Your objective
The records that follow are to be transcribed in full, leaving out each picture.

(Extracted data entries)
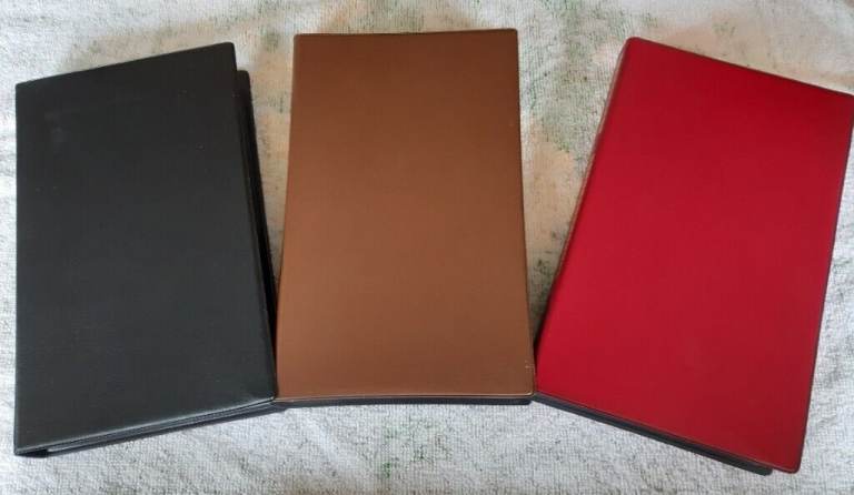 Leather effect video cassette cases. 23 in total (5 red, 5 brown and 13 black). Good condition. Collection or local delivery.
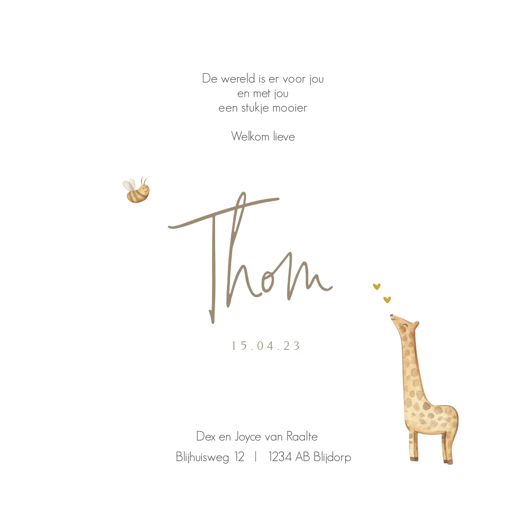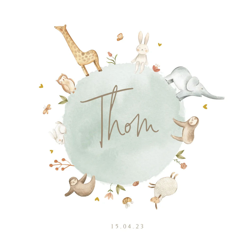 Lief geboortekaartje voor een zoon met verschillende vrolijke dieren op een aquarel wereldbol, waaronder een olifantje, konijntje, giraffe, schaapje en uiltje. De teksten en kleuren van dit jongenskaartje Thom zijn aan te passen in de editor.
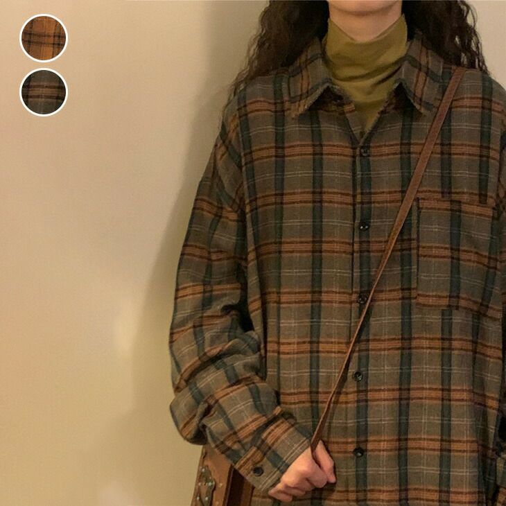 チェックシャツ カジュアル ルーズシャツ オーバーサイズ [AMELY by La-gemme]チェックシャツ カジュアル ルーズシャツ オーバーサイズ チェック 羽織り シャツ ブラウス 長袖 秋冬 おすすめ レディース オシャレ トレンド 人気 プチプラ 韓国ファッション【atpss25-dk02】【予約販売:15-20日】【送料無料】メ込2
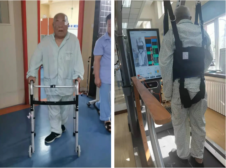 病例2:高**,因脑梗在神经内科住院治疗,因合并严重肺部感染曾两次住进ICU,转入康复医学科时还持续泵入升压药物,留鼻置胃肠管,鼻饲进食,康复医学科给予中药口服、针灸配合床旁踏车等治疗,根据病情变化不断调整治疗方案,逐渐更换为胃管,升压药逐渐减量并撤除,慢慢地可以独自坐立了,再经过精心的治疗,手法训练、下肢机器人、跑台康复训练、步行训练,逐渐可以扶助行器走路了,高大叔每天高兴的合不拢嘴,不到半年的康复,就可以扶助行器回家了。
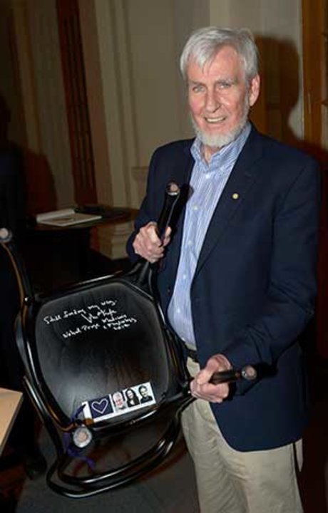 16 (of 19) Like many Nobel Laureates before him, John O'Keefe autographs a chair at Bistro Nobel at the Nobel Museum in Stockholm, 6 December 2014.

Exercise output
 Leather effect video cassette cases. 23 in total (5 red, 5 brown and 13 black). Good condition. Collection or local delivery.
 Lief geboortekaartje voor een zoon met verschillende vrolijke dieren op een aquarel wereldbol, waaronder een olifantje, konijntje, giraffe, schaapje en uiltje. De teksten en kleuren van dit jongenskaartje Thom zijn aan te passen in de editor.
 チェックシャツ カジュアル ルーズシャツ オーバーサイズ [AMELY by La-gemme]チェックシャツ カジュアル ルーズシャツ オーバーサイズ チェック 羽織り シャツ ブラウス 長袖 秋冬 おすすめ レディース オシャレ トレンド 人気 プチプラ 韓国ファッション【atpss25-dk02】【予約販売:15-20日】【送料無料】メ込2
 病例2:高**,因脑梗在神经内科住院治疗,因合并严重肺部感染曾两次住进ICU,转入康复医学科时还持续泵入升压药物,留鼻置胃肠管,鼻饲进食,康复医学科给予中药口服、针灸配合床旁踏车等治疗,根据病情变化不断调整治疗方案,逐渐更换为胃管,升压药逐渐减量并撤除,慢慢地可以独自坐立了,再经过精心的治疗,手法训练、下肢机器人、跑台康复训练、步行训练,逐渐可以扶助行器走路了,高大叔每天高兴的合不拢嘴,不到半年的康复,就可以扶助行器回家了。
 16 (of 19) Like many Nobel Laureates before him, John O'Keefe autographs a chair at Bistro Nobel at the Nobel Museum in Stockholm, 6 December 2014.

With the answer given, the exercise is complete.